LANDAK // MEDIATNI-POLRI.COM/ Polsek Kuala Behe – Polres Landak – Polda Kalbar ~Berbagai langkah preventif terus dilakukan jajaran kepolisian untuk mencegah kebakaran hutan dan lahan (karhutla).
Salah satunya dengan memberikan edukasi kepada masyarakat melalui banner yang memuat imbauan tentang bahaya membakar hutan dan lahan secara sembarangan.
Media sosialisasi tersebut diharapkan dapat menjadi pengingat bagi warga agar lebih memahami dampak yang ditimbulkan akibat karhutla.
Selain merusak lingkungan, kebakaran hutan dan lahan juga berpotensi menimbulkan kabut asap yang dapat mengganggu aktivitas masyarakat serta berdampak terhadap kesehatan.
Pada Rabu (2/9/2026), personel Polsek Kuala Behe kembali menyampaikan imbauan kepada warga agar tidak melakukan pembakaran hutan maupun lahan secara sembarangan.

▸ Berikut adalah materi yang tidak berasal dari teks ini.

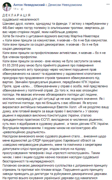 "Следствием вынесенного мной судебного решения стало... внесение в отношении меня сведений в ЕРДР прокуратурой Харьковской области за "заведомо неправосудное решение", меня и помощника с секретарем допрашивали следователи прокуратуры, вскоре ожидаю подозрение, прослушку телефонов и другие "прелести непослушания". Таким образом, и мне, и другим судьям, наглядно показаны последствия суддейской беспристрастности и непредвзятости", - заявил Невядомский.
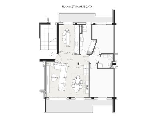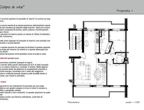 Abbiamo un appartamento all’ultimo piano di un palazzo di 6 piani. L’appartamento si sviluppa su 2 piani, vorremmo modificare e riarredare la zona giorno del primo piano, abbiamo le idee un pò confuse, vorremmo un progetto che unisca la zona soggiorno e la cucina, vedere una proposta che elimini il camino e ridisegni la scala che porta al piano superiore. I pavimenti del primo piano li abbiamo rifatti da poco ed è tutto parquet e verranno mantenuti. Vorremmo un arredamento più moderno di quello che abbiamo ma non estremo.
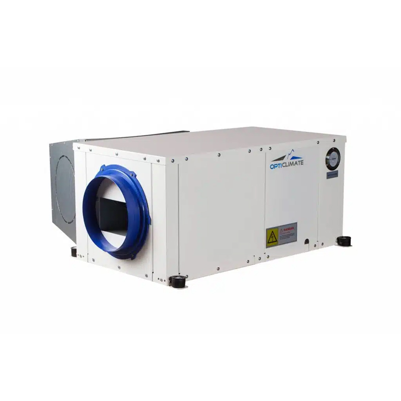 El OptiClimate refrigerado por agua enfría el aire utilizando agua como medio refrigerante y lo calienta utilizando elementos calefactores cerámicos. El OptiClimate tiene una entrada y una salida de agua.La entrada se conecta al suministro de agua. El agua fría se utiliza para enfriar el aire, elevando la temperatura del agua de 35°C a 50°C. A continuación, esta agua caliente se canaliza a través de la salida de agua o se recicla.

Edukasi dilakukan secara humanis dengan memanfaatkan banner sebagai sarana menyampaikan pesan kamtibmas dan pencegahan karhutla yang mudah dilihat masyarakat.
Kegiatan tersebut merupakan bagian dari upaya kepolisian dalam meningkatkan kesadaran masyarakat sekaligus mengajak warga berperan aktif menjaga lingkungan dari ancaman kebakaran.

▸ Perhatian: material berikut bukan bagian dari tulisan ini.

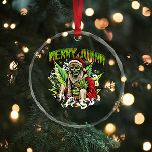 Placeholder Funny Weed Xmas Crystal Glass Ornament Merry Juana Santa Skeleton 420 - PrintYourWear - Print Your Wear
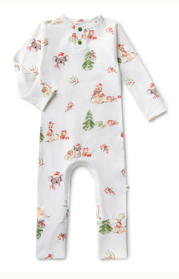 Designed for newborns and little adventurers, the Organic Growsuits from SHK are an all-in-one onesie that is both functional and beautiful. Soft and stretchy, our growsuits are an easy-care, fuss-free option that’s easy to wear thanks to their modern, fitted style. Kangas & Koalas is part of our Limited Edition 2024 Christmas Collection
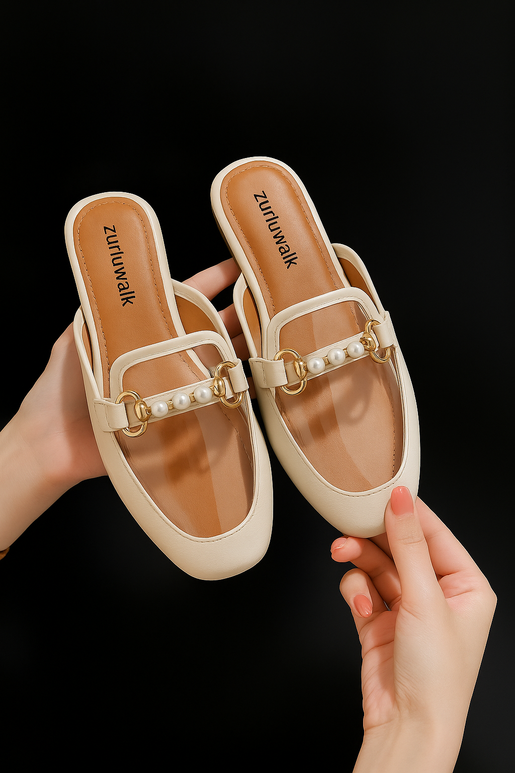 Step into elegance with the Transparent Mules by ZurujWalk – a perfect fusion of style and sophistication. These cream-toned mules feature a transparent upper embedded with a delicate floral print in soft pinks, oranges, and warm earthy tones, enhanced with a golden chain and pearl detailing. The flat sole ensures all-day comfort, while the airy design adds a refreshing twist to your everyday or semi-formal outfits. Ideal for brunch dates, office wear, or casual outings, these mules redefine summer chic.

Kapolres Landak AKBP Devi Ariantari, S.H., S.I.K., melalui Kapolsek Kuala Behe IPTU Handoko Warih, secara terpisah menyampaikan, jajaran kepolisian terus mengedepankan upaya pencegahan melalui sosialisasi dan imbauan kepada masyarakat agar tidak membuka atau membersihkan lahan dengan cara membakar.

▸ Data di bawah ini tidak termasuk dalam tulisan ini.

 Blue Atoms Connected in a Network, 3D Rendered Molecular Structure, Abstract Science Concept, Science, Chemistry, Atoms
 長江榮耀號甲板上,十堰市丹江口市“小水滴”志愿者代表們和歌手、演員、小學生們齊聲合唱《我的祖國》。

Kapolsek menambahkan bahwa masyarakat diharapkan memahami bahwa pembakaran lahan secara sembarangan dapat menimbulkan dampak yang luas. Api yang tidak terkendali dapat merambat ke area lain dan berpotensi menyebabkan kebakaran yang lebih besar.
Selain itu, masyarakat juga diajak bersama-sama menjaga lingkungan serta segera melaporkan kepada pihak berwenang apabila mengetahui adanya aktivitas pembakaran lahan yang berpotensi menimbulkan karhutla.
Melalui kegiatan sosialisasi secara berkelanjutan, kepolisian berharap kepedulian masyarakat terhadap pencegahan karhutla semakin meningkat.
Sinergi antara aparat dan masyarakat dinilai menjadi salah satu langkah penting untuk menjaga hutan dan lahan tetap aman serta mencegah munculnya kabut asap yang dapat merugikan masyarakat.